Don’t Let Layoffs Deter You from Journalism

By Erica A. Hernandez

During the last two weeks of January about 1,000 jobs in media lost as the result of layoffs announced at BuzzFeed, HuffPost and Gannett — the nation’s largest newspaper chain.

Let that sink in for a minute.

As someone currently working in media, this scares me. As a student journalist, hopeful to make a living as a journalist one day, I’d be scared too. But we shouldn’t be.

Journalism will always exist. I’m confident in that. As a journalist who worries for the future of my industry, I know that the best thing I can do is encourage and recruit the next generation of storytellers and protectors of truth and transparency.

So instead of listing all the facts and figures you’ve probably already heard from anyone trying to discourage you from pursuing a journalism degree, I’m going to tell you the reasons you should.

For starters, you’re needed. Journalism is crucial to a functioning democracy. Free speech and freedom of the press are a part of our constitution.
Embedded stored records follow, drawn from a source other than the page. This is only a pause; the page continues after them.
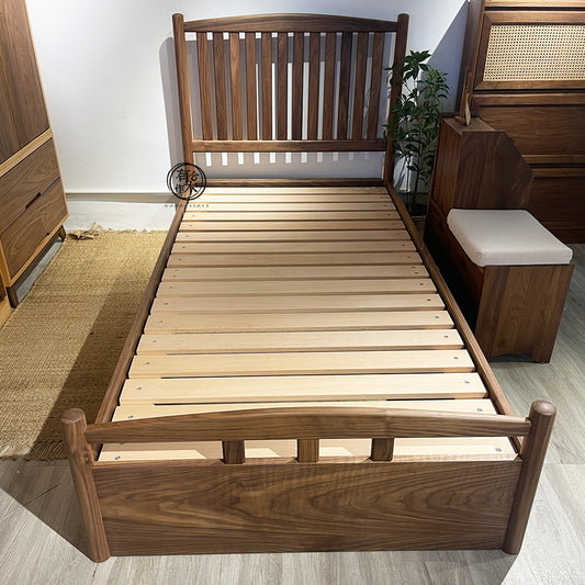 DELIGHT Bed Frame 02 實木油壓床架 - 胡桃木(條紋床頭板款式)|可訂造非油壓
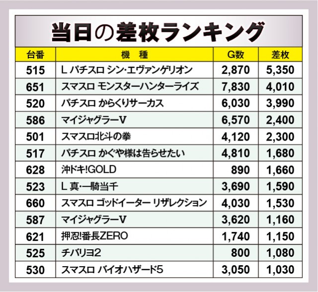 『パチスロ からくりサーカス』『スマスロ モンスターハンターライズ』は今なおファンからの支持を集めており、高い活気と熱気で店内の盛り上がりをリード。『L パチスロ シン・エヴァンゲリオン』も大台突破で存在感を示しており、ファンはレバーを叩きながら高揚感を抑えきれなかったことだろう。そして『マイジャグラーⅤ』もノーマル機を代表する存在で、回転数と差枚数が比例する展開を披露していたのも見逃せないポイントだ。
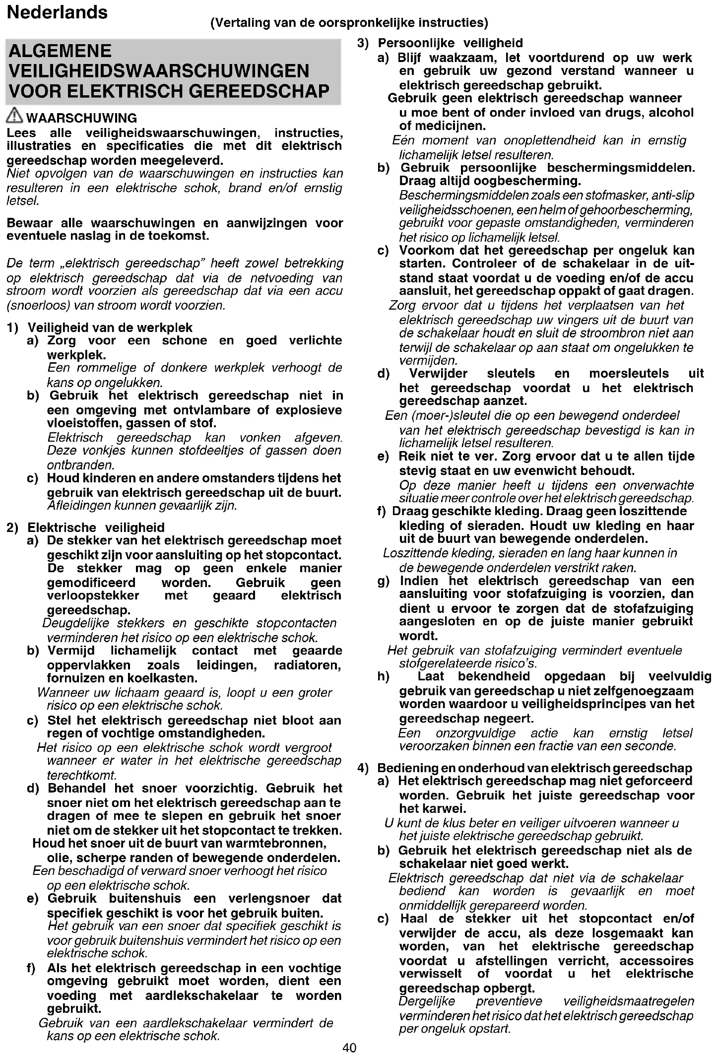 WAARSCHUWING Lees alle veiligheidswaarschuwingen, instructies, illustraties en specifi caties die met dit elektrisch gereedschap worden meegeleverd. Niet opvolgen van de waarschuwingen en instructies kan resulteren in een elektrische schok, brand en/of ernstig letsel. Bewaar alle waarschuwingen en aanwijzingen voor eventuele naslag in de toekomst. De term „elektrisch gereedschap” heeft zowel betrekking op elektrisch gereedschap dat via de netvoeding van stroom wordt voorzien als gereedschap dat via een accu (snoerloos) van stroom wordt voorzien.
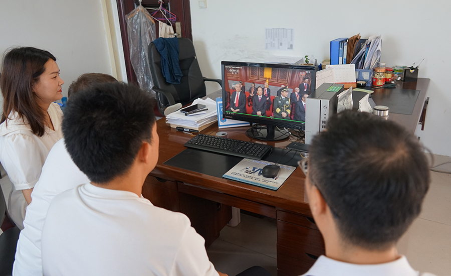 (文图/成忠旭)7月1日上午,庆祝中国共产党成立100周年大会在北京天安门广场隆重举行。PA视讯组织全体党员干部通过网络直播第一时间收看庆祝中国共产党成立100周年大会盛况,聆听习近平总书记重要讲话。
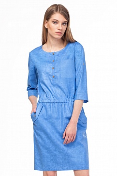 Платье из льняной ткани, обработанной специальной пропиткой , которая придает эффект блеска и предотвращает сильную сминаемость. Прямой силуэт с резинкой в талии. На груди накладные карманы, на юбке наклонные карманы с клапанами, которые закреплены отделочной кнопкой. Застежка на планку с четырьмя плоскими золотыми кнопками-таблетками. Рукав 3\4 с манжетой, с хлястиком , который позволяет фиксировать подвернутый рукав. На спинке фигурная кокетка.

As journalists, it’s our job to inform the public so they can use their free will to make informed decisions that impact all parts of their lives — from deciding what to wear to deciding who to vote for. It’s a crucial job and it’s clear that our country would not be able to function without this service.

If you’re reading this, it’s likely because you’re involved in some form of scholastic journalism. Which leads me to believe journalism is something you’re passionate about. When you envision what you’ll spend most of the days of your life doing, it’s important to think of what sparks joy in your life now. What assignments are the first you tackle? Do deadlines stress you out or energize you? Do you take pride in accurately informing your peers? Take some time to explore these thought and see where they lead you.

As a millenial entering any given newsroom, I’ve been met with a small unspoken expectation that I’m the “young kid here to save journalism with technology and social media.” I’m not here to put that pressure on you because I don’t think a single person or even small group of people can “save journalism.” Journalism needs to undergo a rebranding. People need to stop assuming they can and should be able to get true journalism for free and digital advertising needs to meet our audiences where they are. That’s a small to-do list in the grand scheme of things, and these are not issues any of us will solve tomorrow. But to even get to any of these issues, the important daily work of reporting the news needs to keep happening.

All this to say, I hope the 1,000 journalists who were laid off in January don’t leave the field. And I hope you don’t turn to another potential profession in the wake of these alarming industry changes. There will always be stories to tell and news to report — so there will always be journalism.